The View from the Lab
The A to Z Trial findings attracted the interest of laboratorian experts on cardiac markers, but they are taking a wait-and-see attitude on MCP-1. “This paper does stand out because it shows that MCP-1 adds prognostic benefit independent of traditional risk factors. But I would call this paper a proof of principle study,” remarked Fred Apple, PhD, an author of the National Academy for Clinical Biochemistry’s guidelines on cardiac markers, Professor of Laboratory Medicine and Pathology at University of Minnesota School of Medicine in Minneapolis, and Medical Director of Clinical Laboratories at Hennepin County Medical Center in Minneapolis. “MCP-1 still needs a lot more study before anyone can say if it will be useful in clinical practice.”

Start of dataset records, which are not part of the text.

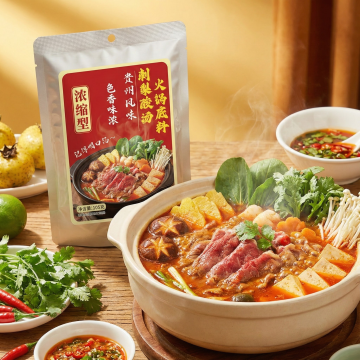 这张图片是产品主体这款产品是美芡·贵州刺梨酸汤火锅底料 我需要设计20张主图在拼多多上面售卖 这一袋的克重主要是105g 主图场景布局火锅元素 多增加一些贵州火锅底料细节图 还有火锅底料相关的元素 整体图片高级一些有食欲一些 主图文案内容家人吃的当然要选放心的 贵州酸汤 加水即煮 酸爽下饭 酸香浓郁 锁鲜留香 汤色鲜红 回味多层次的酸香 一锅煮万菜 真材实料吃着放心 匠心之作 味道正 食材严 工艺精 味道纯正 口感醇厚 色香味浓 浓缩型 滋补
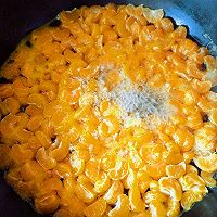 凉水冰糖橘子一起下锅,大火开锅,小火炖七八分钟,这个时候用勺子多翻一下,尝尝味道(太甜放水,不甜放糖,)
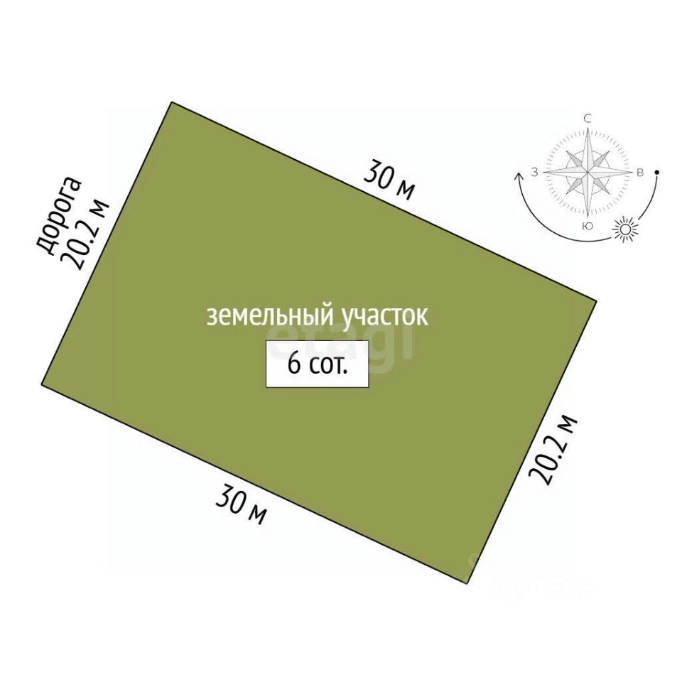 Общая площадь - 6 соток. Это ровный и сухой земельный участок, ровный прямоугольник 30*20м.
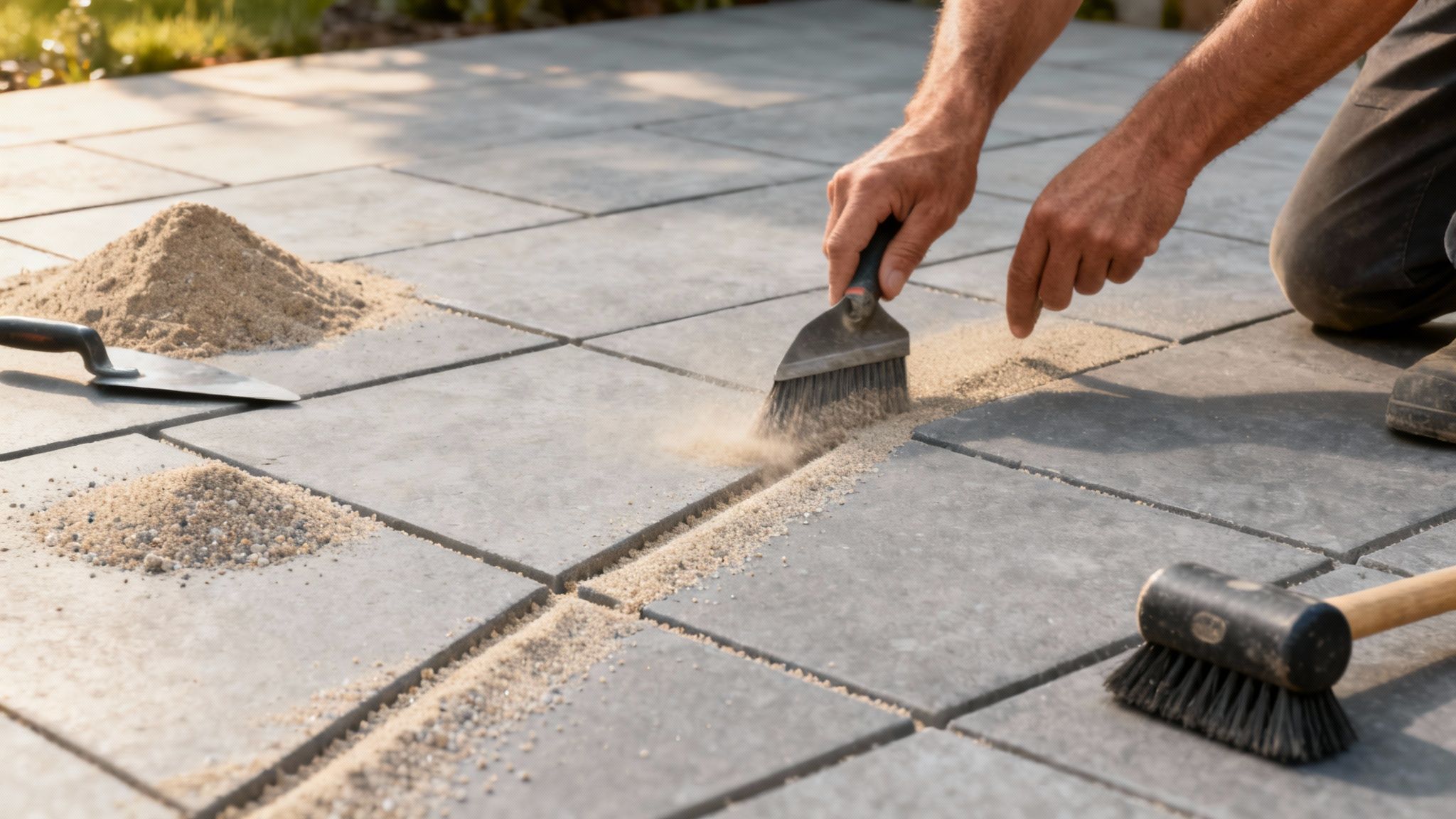 En klassisk fejl er at være for forsigtig med kosten. Du skal lægge lidt kræfter i for at massere sandet ordentligt ned. Tænk på det som at presse sandet ned i alle de små hulrum, så fugen bliver helt mættet.
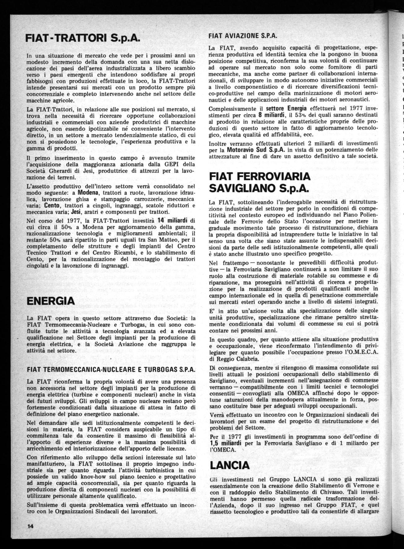La FIAT, avendo acquisito capacità di progettazione, esperienza produttiva ed identità tecnica che la pongono in buona posizione competitiva, riconferma la sua volontà di continuare ad operare sul mercato non solo come fornitore di parti meccaniche, ma anche come partner di collaborazioni internazionali, di sviluppare in modo autonomo iniziative commerciali a livello componentistico e di ricercare diversificazioni tecnico-produttive nel campo della marinizzazione di motori aeronautici e delle applicazioni industriali dei motori aeronautici. Complessivamente il settore Energia effettuerà nel 1977 investimenti per circa 8 miliardi, il 53% dei quali saranno destinati al prodotto in relazione alle caratteristiche proprie delle produzioni di questo settore in fatto di aggiornamento tecnologico, elevata qualità ed affidabilità, ecc.
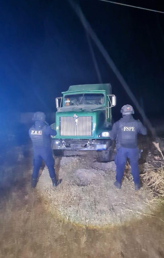 En el lugar fueron asegurados contenedores de plástico tipo cisterna, con capacidad aproximada de 20 mil litros cada uno, que se encontraban llenos de hidrocarburo. Así como dos mangueras de plástico y un contenedor metálico vacío con capacidad aproximada de 100 mil litros. También fue asegurado un tractocamión marca International, color verde con blanco, que contaba con reporte de robo vigente.
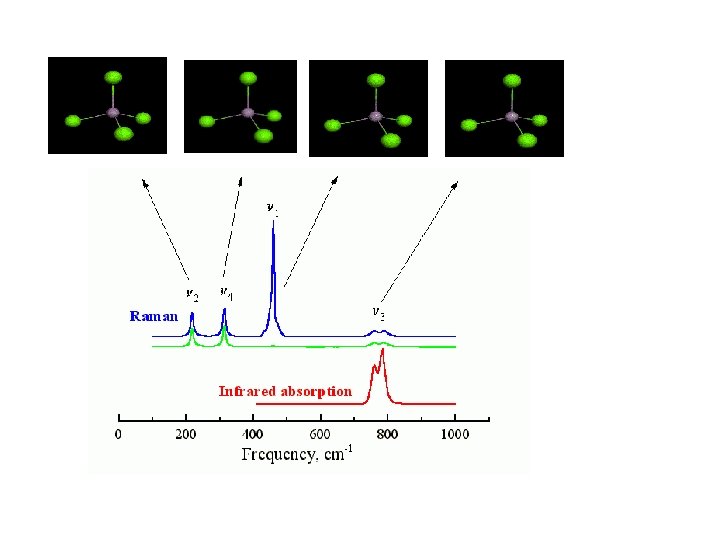 v 1 = 460 cm-1 (vibração simétrica) v 2 = 214 cm-1 (duplamente degenerada) v 3 = 780 cm-1 v 4 = 313 cm-1 (triplamente degeneradas) Vamos ver este modos em esp. Raman e IR
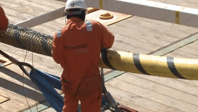 工人们正在铺设海底光缆
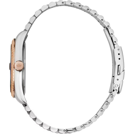 Bracciale: Acciaio bicolore silver e rose gold con chiusura diver a pulsanti e blocco di sicurezza.
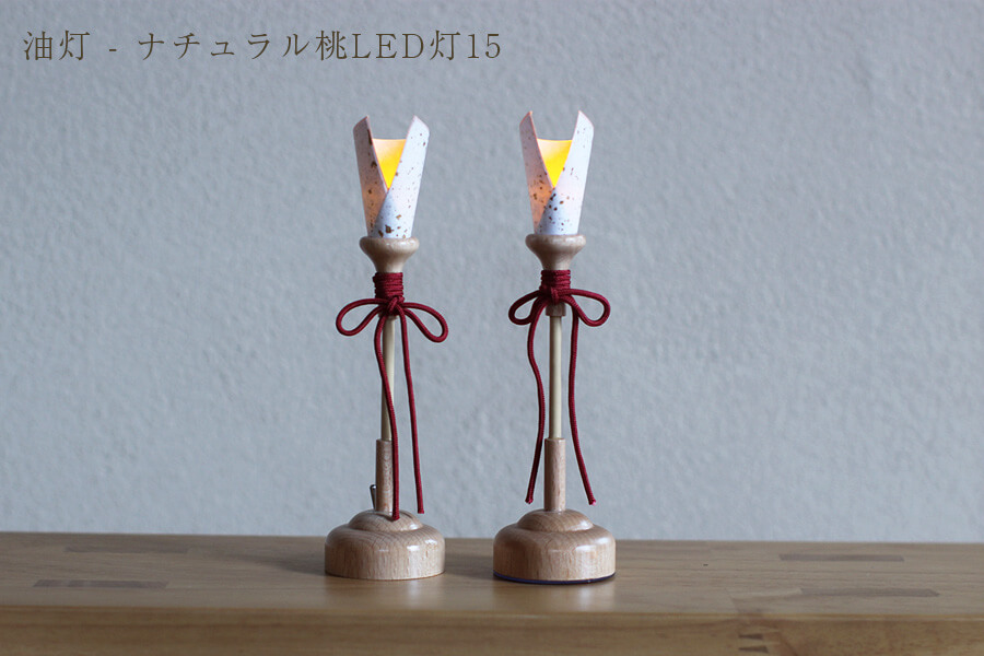油灯:ナチュラル桃LED灯:全体の色味にあわせたナチュラルの燭台。オレンジ色のあたたかい明かりが灯ります。ボタン電池式のコードレスタイプのため、飾る場所を選びません。

“MCP-1 is nowhere near ready,” agreed Alan Wu, PhD, Director of Clinical Chemistry and Toxicology at San Francisco General Hospital and Professor of Laboratory Medicine at University of California-San Francisco. “But the study data is interesting because it indicates inflammation of lesions versus infiltration. It’s another marker showing a different aspect of the disease process.”
The Need for Standards
While considering the growing body of research on novel cardiac biomarkers, Apple identified a problem in many papers about them. “There’s a lack of uniformity in how we define cutoffs,” he said, pointing to the MCP-1 article as an example. While clinical chemists use the 97.5th percentile of a healthy reference populations as the cutoff for most assays and the 99th percentile for troponin, this paper’s cutoff of 238 pg/mL is based on the authors’ previous finding from OPUS- -TIMI Trial that found that MCP-1 levels more than 238 pg/mL were independently associated with death and myocardial infarction after ACS. That earlier study used the 90th percentile as a cutoff, Apple pointed out. Noting that this cutoff isn’t used in clinical practice, he suggested that cardiologist and clinical chemist researchers establish common rules regarding cutoffs for cardiac markers.
Dr. Apple has received research funding from several companies involved in cardiac biomarker research and sales, including Abbott Diagnostics (Abbott Park, Ill.), Biosite (San Diego, Calif.), Beckman Coulter (Fullerton, Calif.), Ortho Clinical Diagnostics (Raritan, N.J.), and Sensera (Chelmsford, Mass.)
Dr. de Lemos consults for several companies involved in cardiac biomarker research and sales, including Biosite, Roche Diagnostics, Inverness Medical Innovations (Waltham, Mass.), and Tethys Bioscience (Emeryville, Calif.).
Dr. Wu has received research grants to study cardiac biomarkers from Abbott Diagnostics, Nanosphere (Northbrook, Ill.), Response Biomedical (Vancouver, British Columbia, Canada), and Singulex Corporation, (Hayward, Calif.), but the support does not include MCP-1 studies.